(Required work): The whole listing needs to be written out exactly, except for any images.

· · · · ·

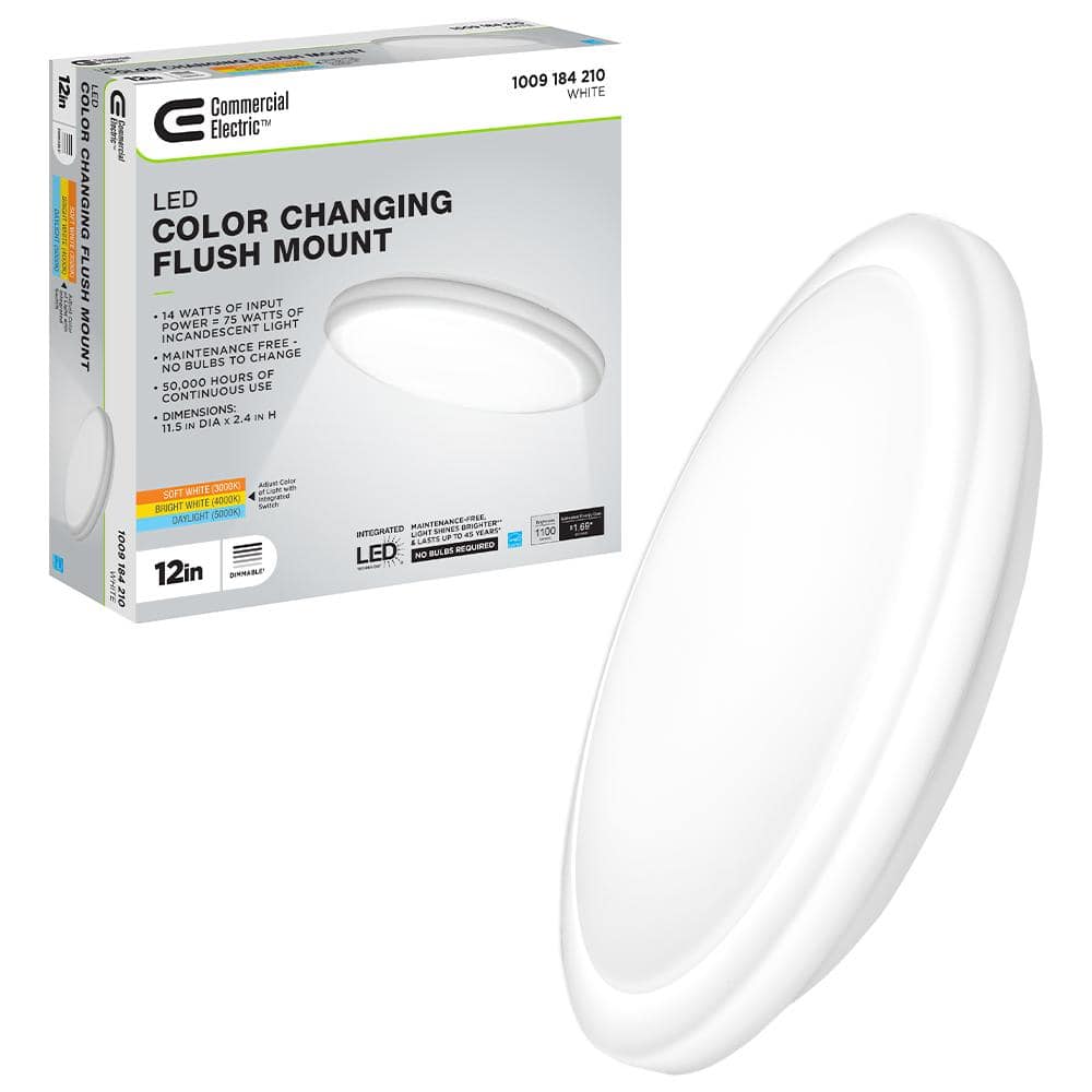 Brighten your home or office with Commercial Electric 12in. White Round LED Flush Mount Ceiling Light by replacing your outdated incandescent lights with an energy-efficient integrated LED fixture. With its low-profile design, this traditional ceiling light can be installed in spaces with low ceiling clearance and seamlessly flush into your ceiling aesthetic. Prior to installation, adjust the color temperature between Soft White, Bright White or Daylight depending on your needs and it is dimmable. While emitting 1100 Lumens of brightness, the smooth frosted lens produces crystal-clear even light distribution with no yellowing, discoloration, or dark spots over time. This flush mount offers a premium LED light engine ensuring maintenance free service with no bulbs to replace. Ideal for kitchen, laundry room, bathroom, bedroom, basement, office, corridors/hallways, and retail spaces and so much more.
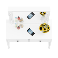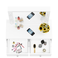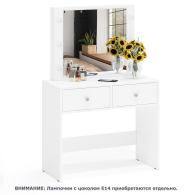 Под просторной столешницей расположены два выдвижных ящика на шариковых направляющих, которые обеспечивают плавное и бесшумное выдвижение. Ящики предлагают достаточно места для хранения косметики, аксессуаров и других мелочей. Благодаря этому все необходимые предметы будут аккуратно организованы и всегда под рукой.
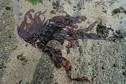 Grateloupia turuturu, commonly called the devil's tongue weed, is a marine species of Rhodophyta (red algae), a type of seaweed, native to East Asia (China, Japan, Korea) and parts of eastern Russia.[1] Due to global shipping and maritime activities, G. turuturu has become an invasive species that has altered natural communities by out-competing native seaweed species; this has resulted in habitat loss in many parts of the world, primarily in Australia, Northern Ireland, Great Britain, and the northeastern United States. Other common names for this species are the "red menace" and "red tide".[2]
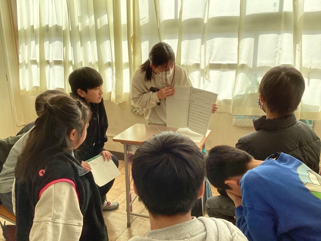 読書科で調べたことをグループに分かれて発表しました。司会やタイムキーパーを役割分担して自分たちで進めることができました。感想や質問をして互いに交流することで学びを深めました。次は縦割り班での発表です!「なるほど!」と言ってもらえるように頑張ってほしいです。
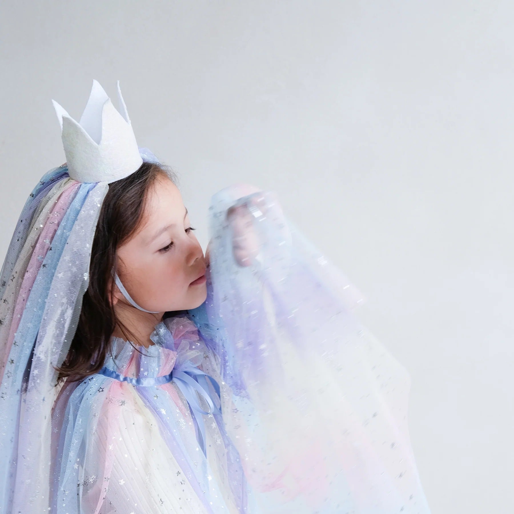 Αυτό το πολύ όμορφο ombre στέμμα στα χρώματα του ουράνιου τόξου είναι βέβαιο ότι θα έχει μεγάλη επιτυχία στις μικρές πριγκίπισσες! Μια σούπερ ονειρική προσθήκη στο ντύσιμό τους, ιδανική και για γενέθλια και πάρτι! Συνδυάστε το με την ombre κάπα για μια εντυπωσιακά πολύχρωμη εμφάνιση ουράνιου τόξου!
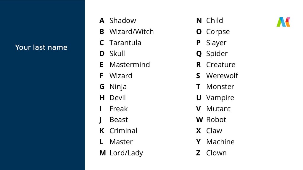 Corpse C Tarantula P Slayer D Skull Q Spider E Mastermind R Creature F Wizard S Werewolf G Ninja T Monster H Devil U Vampire I Freak V Mutant J Beast W Robot K Criminal X Claw L Master Y Machine M Lord/Lady Z Clown
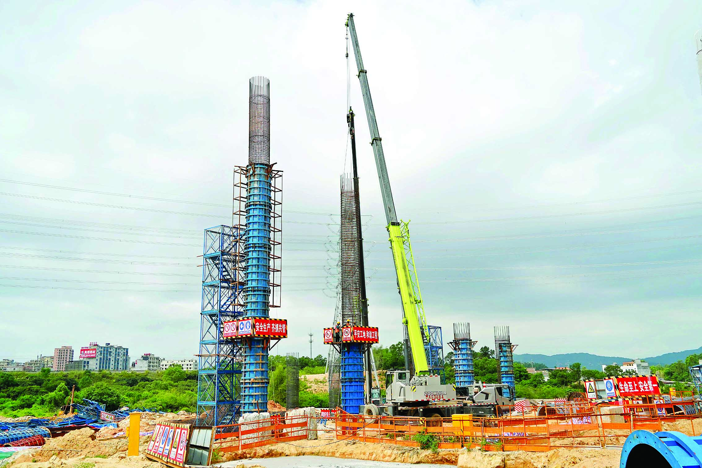 在惠州稔平環(huán)島高速考洲洋大橋施工現(xiàn)場,只見南、北兩個主塔的樁基、承臺部分已經(jīng)完工,數(shù)十根橋墩穿出水面,屹立在考洲洋中。目前,施工人員正在開展主塔塔身及引橋下部結(jié)構(gòu)施工。
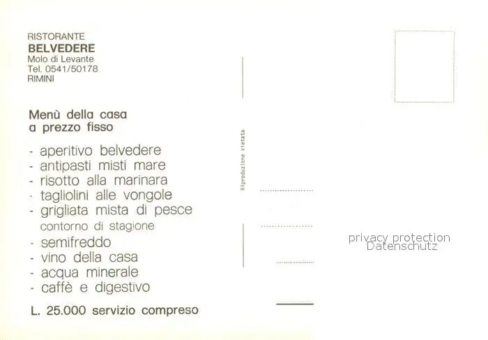 Rimini Ristorante Belvedere Rimini postalisch nicht gelaufen nach 1965 Erhaltung siehe scans [FriedD77] Frierer
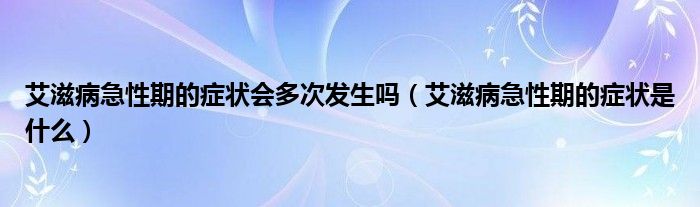 摘要大家好,知識(shí)小編來(lái)為大家解答以上的問(wèn)題。艾滋病急性期的癥狀會(huì)多次發(fā)生嗎,艾滋病急性期的癥狀是什么很多人還不知道,現(xiàn)在讓我們一起來(lái)看
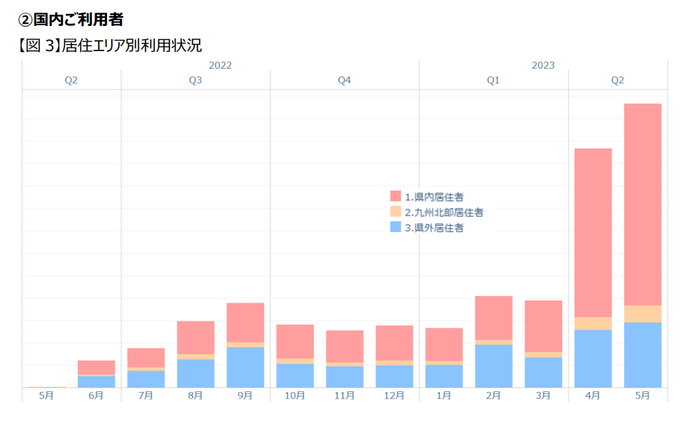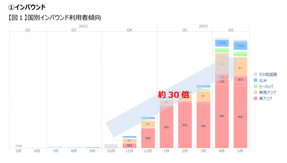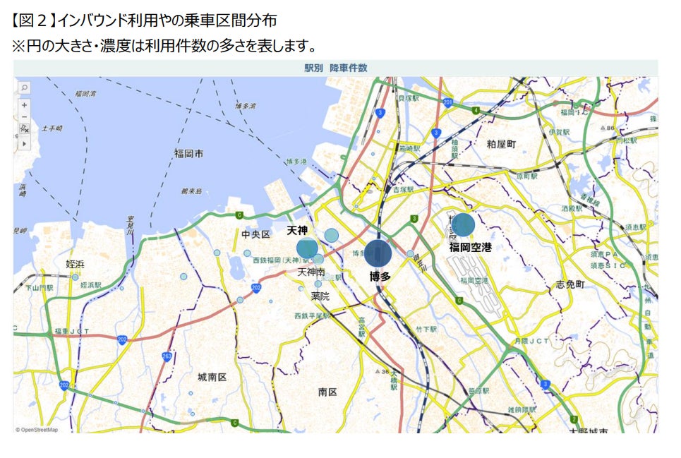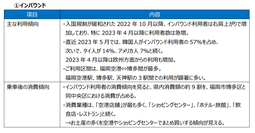 | 主な利用傾向 | ・入国規制が緩和された2022年10月以降、インバウンド利用者は右肩上がりで増加しており、特に2023年4月以降に利用者数は急増。 ・直近2023年5月では、韓国人がインバウンド利用者の57%を占め、次いで、タイ人が14%、アメリカ人7%と続く。 2023年4月以降は欧州方面からの利用も増加。 ・ご利用区間は、福岡空港⇔博多間が最多。福岡空港駅、博多駅、天神駅の3駅間での利用が顕著に多い。 |
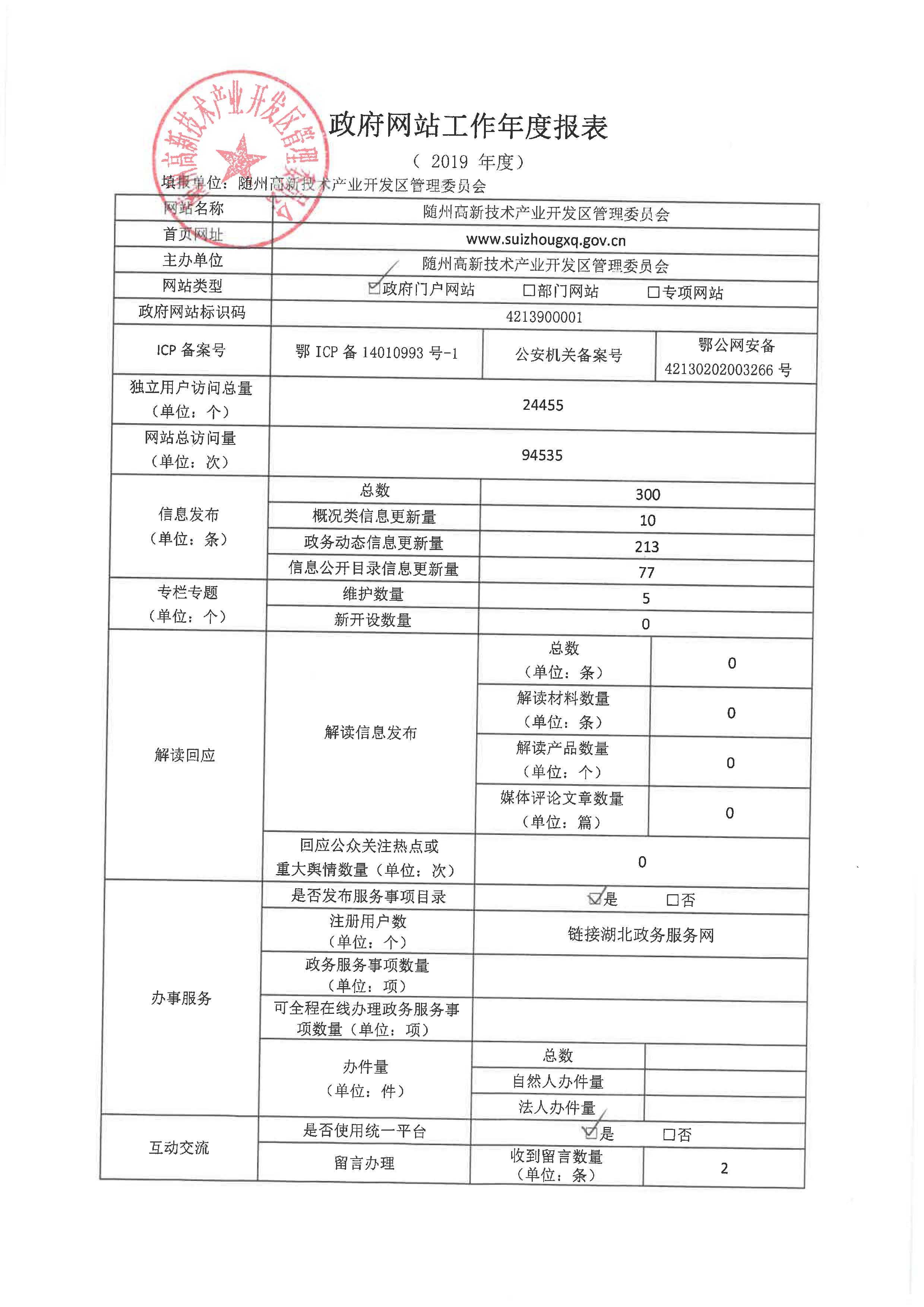 隨州高新技術(shù)產(chǎn)業(yè)開發(fā)區(qū)管理委員會(huì)2019年政府網(wǎng)站工作年度報(bào)表
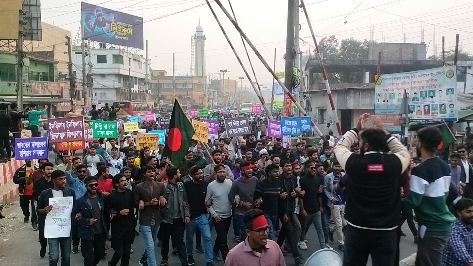 ভারতের আগরতলার বাংলাদেশ সহকারী হাইকমিশনে উগ্র হিন্দুত্ববাদীদের হামলার প্রতিবাদে বিক্ষোভ সমাবেশ করেছেন নাগরিক কমিটি ও বৈষম্য বিরোধী ছাত্র আন্দোলন, কুষ্টিয়া জেলা কমিটি। বুধবার (৪ ডিসেম্বর) বিকেল সাড়ে ৪টায় কুষ্টিয়া শহরতলীর কাস্টম মোড় থেকে শুরু হওয়া মিছিলটি শহরের প্রধান সড়ক প্রদক্ষিণ করে পাঁচ রাস্তার মোড়ে এসে সমাবেশ করে।
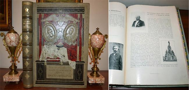 Вот как аукционное общество описывает сей антикварный фолиант: «Полукожаный художественный переплет, роскошное золотое и цветное тиснение с барельефами Романовых, художественное тиснение и орнаметальные украшения! Большой альбомный формат: 35,5 х 27,5 см, вес ? 6 кг! Кожаный бинтовой корешок с богатым золотым /глубоким!/ тиснением! Стилизованные цветные форзацы с гербами России, торшированный обрез блока, шелковое ляссе!».
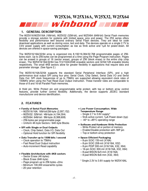 - W25X32: 32M-bit / 4M-byte (4,194,304)
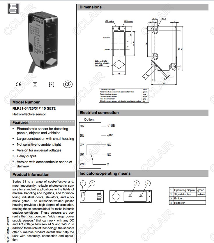 RLK31-54/25/31/115-SET2,RLK31-54/25/31/33/115-15M,反射板型传感器
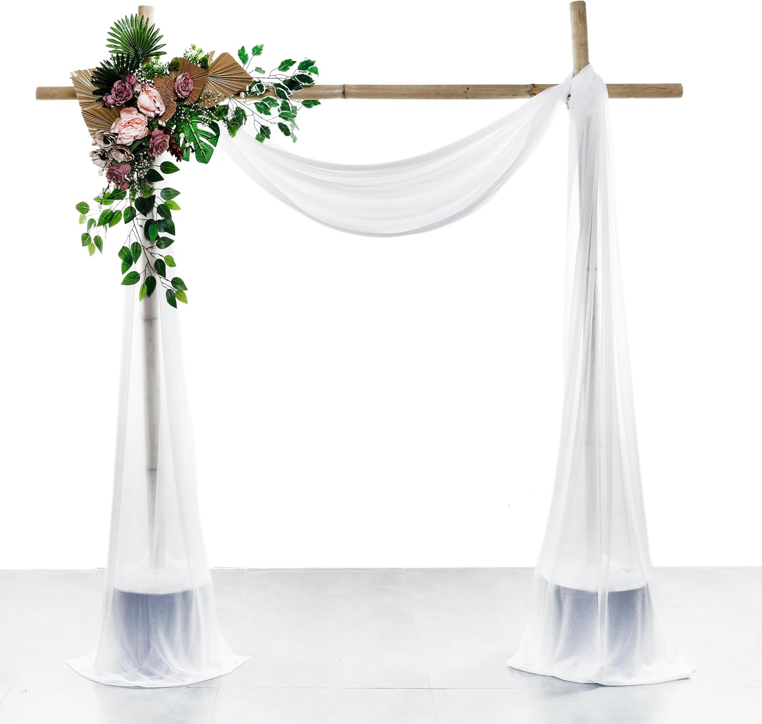 VDS Pack of 3 Panel (30 Inch X 20 Feet) Wedding Arch Draping Fabric Sheer Chiffon Fabric Drapery for Wedding Ceremony Reception Swag Backdrop Canopy Chuppah ARBO Altars Decoration (White)
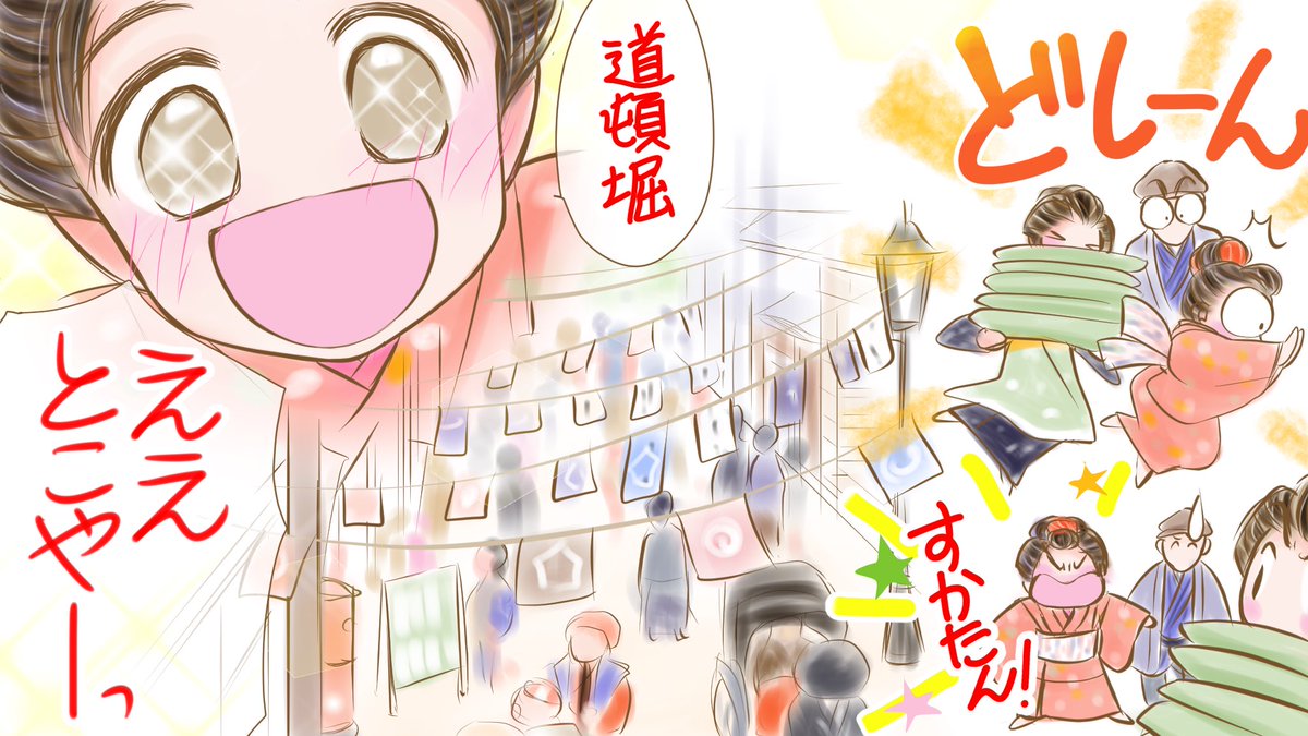 #おかわりおちょやん #おちょやん絵 第6話💕 奉公先は道頓堀の芝居茶屋。道頓堀は千代にとっておとぎの国のような賑やかで華やかなところでした。 1ヶ月間様子見で働くことを許された千代。女中頭のカメさんにいろいろ仕事を与えられ、「おちょやん」としての日々が始まりました。

· · · · ·

(Result for this task):
 Brighten your home or office with Commercial Electric 12in. White Round LED Flush Mount Ceiling Light by replacing your outdated incandescent lights with an energy-efficient integrated LED fixture. With its low-profile design, this traditional ceiling light can be installed in spaces with low ceiling clearance and seamlessly flush into your ceiling aesthetic. Prior to installation, adjust the color temperature between Soft White, Bright White or Daylight depending on your needs and it is dimmable. While emitting 1100 Lumens of brightness, the smooth frosted lens produces crystal-clear even light distribution with no yellowing, discoloration, or dark spots over time. This flush mount offers a premium LED light engine ensuring maintenance free service with no bulbs to replace. Ideal for kitchen, laundry room, bathroom, bedroom, basement, office, corridors/hallways, and retail spaces and so much more.
 Под просторной столешницей расположены два выдвижных ящика на шариковых направляющих, которые обеспечивают плавное и бесшумное выдвижение. Ящики предлагают достаточно места для хранения косметики, аксессуаров и других мелочей. Благодаря этому все необходимые предметы будут аккуратно организованы и всегда под рукой.
 Grateloupia turuturu, commonly called the devil's tongue weed, is a marine species of Rhodophyta (red algae), a type of seaweed, native to East Asia (China, Japan, Korea) and parts of eastern Russia.[1] Due to global shipping and maritime activities, G. turuturu has become an invasive species that has altered natural communities by out-competing native seaweed species; this has resulted in habitat loss in many parts of the world, primarily in Australia, Northern Ireland, Great Britain, and the northeastern United States. Other common names for this species are the "red menace" and "red tide".[2]
 読書科で調べたことをグループに分かれて発表しました。司会やタイムキーパーを役割分担して自分たちで進めることができました。感想や質問をして互いに交流することで学びを深めました。次は縦割り班での発表です!「なるほど!」と言ってもらえるように頑張ってほしいです。
 Αυτό το πολύ όμορφο ombre στέμμα στα χρώματα του ουράνιου τόξου είναι βέβαιο ότι θα έχει μεγάλη επιτυχία στις μικρές πριγκίπισσες! Μια σούπερ ονειρική προσθήκη στο ντύσιμό τους, ιδανική και για γενέθλια και πάρτι! Συνδυάστε το με την ombre κάπα για μια εντυπωσιακά πολύχρωμη εμφάνιση ουράνιου τόξου!
 Corpse C Tarantula P Slayer D Skull Q Spider E Mastermind R Creature F Wizard S Werewolf G Ninja T Monster H Devil U Vampire I Freak V Mutant J Beast W Robot K Criminal X Claw L Master Y Machine M Lord/Lady Z Clown
 在惠州稔平環(huán)島高速考洲洋大橋施工現(xiàn)場,只見南、北兩個主塔的樁基、承臺部分已經(jīng)完工,數(shù)十根橋墩穿出水面,屹立在考洲洋中。目前,施工人員正在開展主塔塔身及引橋下部結(jié)構(gòu)施工。
 Rimini Ristorante Belvedere Rimini postalisch nicht gelaufen nach 1965 Erhaltung siehe scans [FriedD77] Frierer
 摘要大家好,知識(shí)小編來(lái)為大家解答以上的問(wèn)題。艾滋病急性期的癥狀會(huì)多次發(fā)生嗎,艾滋病急性期的癥狀是什么很多人還不知道,現(xiàn)在讓我們一起來(lái)看
 | 主な利用傾向 | ・入国規制が緩和された2022年10月以降、インバウンド利用者は右肩上がりで増加しており、特に2023年4月以降に利用者数は急増。 ・直近2023年5月では、韓国人がインバウンド利用者の57%を占め、次いで、タイ人が14%、アメリカ人7%と続く。 2023年4月以降は欧州方面からの利用も増加。 ・ご利用区間は、福岡空港⇔博多間が最多。福岡空港駅、博多駅、天神駅の3駅間での利用が顕著に多い。 |
 隨州高新技術(shù)產(chǎn)業(yè)開發(fā)區(qū)管理委員會(huì)2019年政府網(wǎng)站工作年度報(bào)表
 ভারতের আগরতলার বাংলাদেশ সহকারী হাইকমিশনে উগ্র হিন্দুত্ববাদীদের হামলার প্রতিবাদে বিক্ষোভ সমাবেশ করেছেন নাগরিক কমিটি ও বৈষম্য বিরোধী ছাত্র আন্দোলন, কুষ্টিয়া জেলা কমিটি। বুধবার (৪ ডিসেম্বর) বিকেল সাড়ে ৪টায় কুষ্টিয়া শহরতলীর কাস্টম মোড় থেকে শুরু হওয়া মিছিলটি শহরের প্রধান সড়ক প্রদক্ষিণ করে পাঁচ রাস্তার মোড়ে এসে সমাবেশ করে।
 Вот как аукционное общество описывает сей антикварный фолиант: «Полукожаный художественный переплет, роскошное золотое и цветное тиснение с барельефами Романовых, художественное тиснение и орнаметальные украшения! Большой альбомный формат: 35,5 х 27,5 см, вес ? 6 кг! Кожаный бинтовой корешок с богатым золотым /глубоким!/ тиснением! Стилизованные цветные форзацы с гербами России, торшированный обрез блока, шелковое ляссе!».
 - W25X32: 32M-bit / 4M-byte (4,194,304)
 RLK31-54/25/31/115-SET2,RLK31-54/25/31/33/115-15M,反射板型传感器
 VDS Pack of 3 Panel (30 Inch X 20 Feet) Wedding Arch Draping Fabric Sheer Chiffon Fabric Drapery for Wedding Ceremony Reception Swag Backdrop Canopy Chuppah ARBO Altars Decoration (White)
 #おかわりおちょやん #おちょやん絵 第6話💕 奉公先は道頓堀の芝居茶屋。道頓堀は千代にとっておとぎの国のような賑やかで華やかなところでした。 1ヶ月間様子見で働くことを許された千代。女中頭のカメさんにいろいろ仕事を与えられ、「おちょやん」としての日々が始まりました。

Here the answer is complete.